Everything in the entries except the pictures must be duplicated exactly.

Records supplied Start Marker

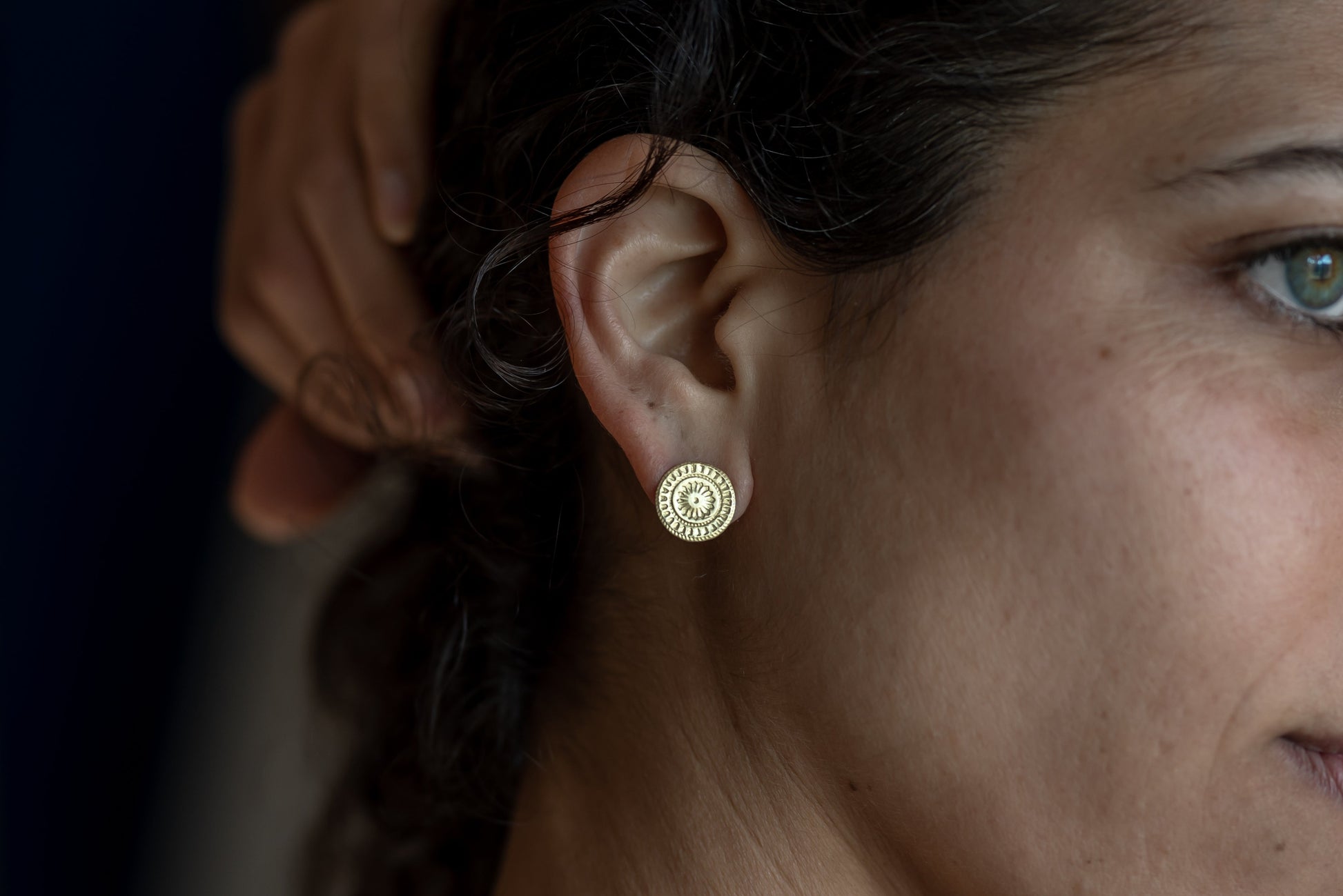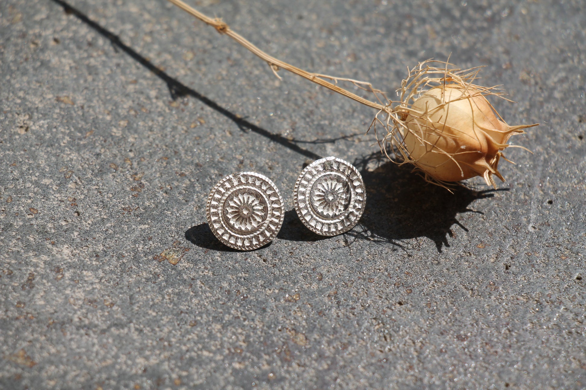 עגילים בצורת עיגול מעוטרים בצורה עדינה ומיוחדת. המנדלה היא סמל עתיק שמייצג איזון והרמוניה
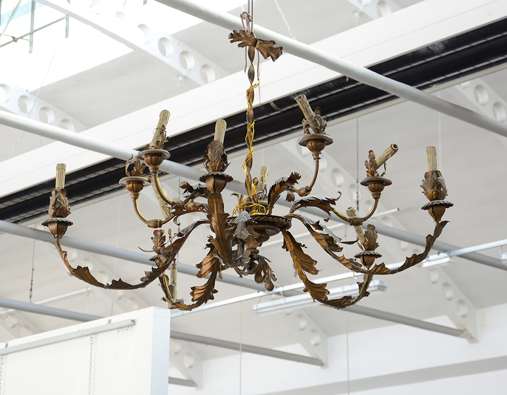 Lampadario a dieci luci in legno e metallo sbalzato a motivi vegetali (h cm 95) (difetti)
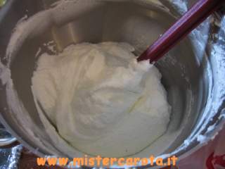 Ingredienti: 1/2 lt di panna da montare - 120 gr zucchero - 3 chiare d'uovo - 1 stecca di vaniglia - cioccolato fondente
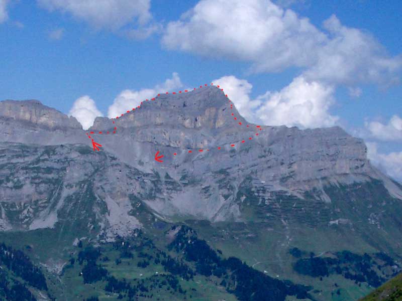 zunächst in der rinne hoch zum grat (II bis III), dann alles entlang dem nordwestgrat zum gipfel. meistens gehgelände, einige wenige kletterstellen (III bis IV), allzu üppig mit bohrhaken abgesichert. 1½h
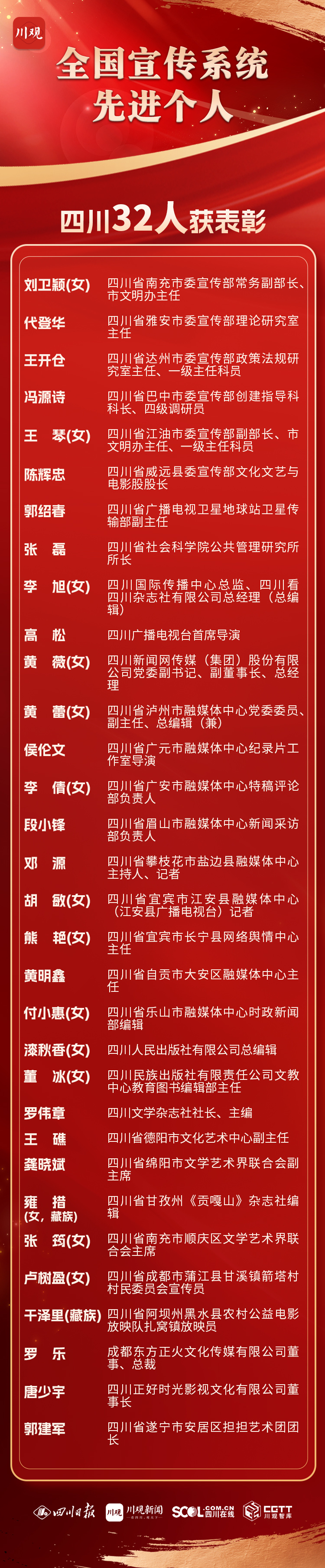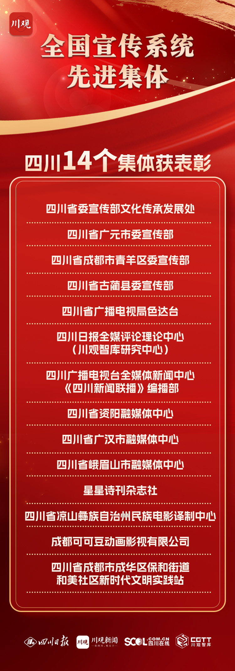 在本次表彰中,四川省荣获表彰的先进集体涵盖宣传管理、媒体融合、文化传承等多个领域,先进个人来自新闻采编、文艺创作、基层服务等岗位,他们中有深入践行媒体融合发展的记者编辑,深情讴歌时代巨变的文艺创作者,推动产业创新发展的经营管理能手,还有扎根“泥土”的基层一线宣传员等。这些先进集体与个人,坚持以习近平文化思想为指引,守正创新、担当作为,用实际行动为文化强省建设注入鲜活动能,为谱写中国式现代化四川新篇章凝聚精神力量。

Records supplied End Marker

■ Answer to this exercise ■
 עגילים בצורת עיגול מעוטרים בצורה עדינה ומיוחדת. המנדלה היא סמל עתיק שמייצג איזון והרמוניה
 Lampadario a dieci luci in legno e metallo sbalzato a motivi vegetali (h cm 95) (difetti)
 Ingredienti: 1/2 lt di panna da montare - 120 gr zucchero - 3 chiare d'uovo - 1 stecca di vaniglia - cioccolato fondente
 zunächst in der rinne hoch zum grat (II bis III), dann alles entlang dem nordwestgrat zum gipfel. meistens gehgelände, einige wenige kletterstellen (III bis IV), allzu üppig mit bohrhaken abgesichert. 1½h
 在本次表彰中,四川省荣获表彰的先进集体涵盖宣传管理、媒体融合、文化传承等多个领域,先进个人来自新闻采编、文艺创作、基层服务等岗位,他们中有深入践行媒体融合发展的记者编辑,深情讴歌时代巨变的文艺创作者,推动产业创新发展的经营管理能手,还有扎根“泥土”的基层一线宣传员等。这些先进集体与个人,坚持以习近平文化思想为指引,守正创新、担当作为,用实际行动为文化强省建设注入鲜活动能,为谱写中国式现代化四川新篇章凝聚精神力量。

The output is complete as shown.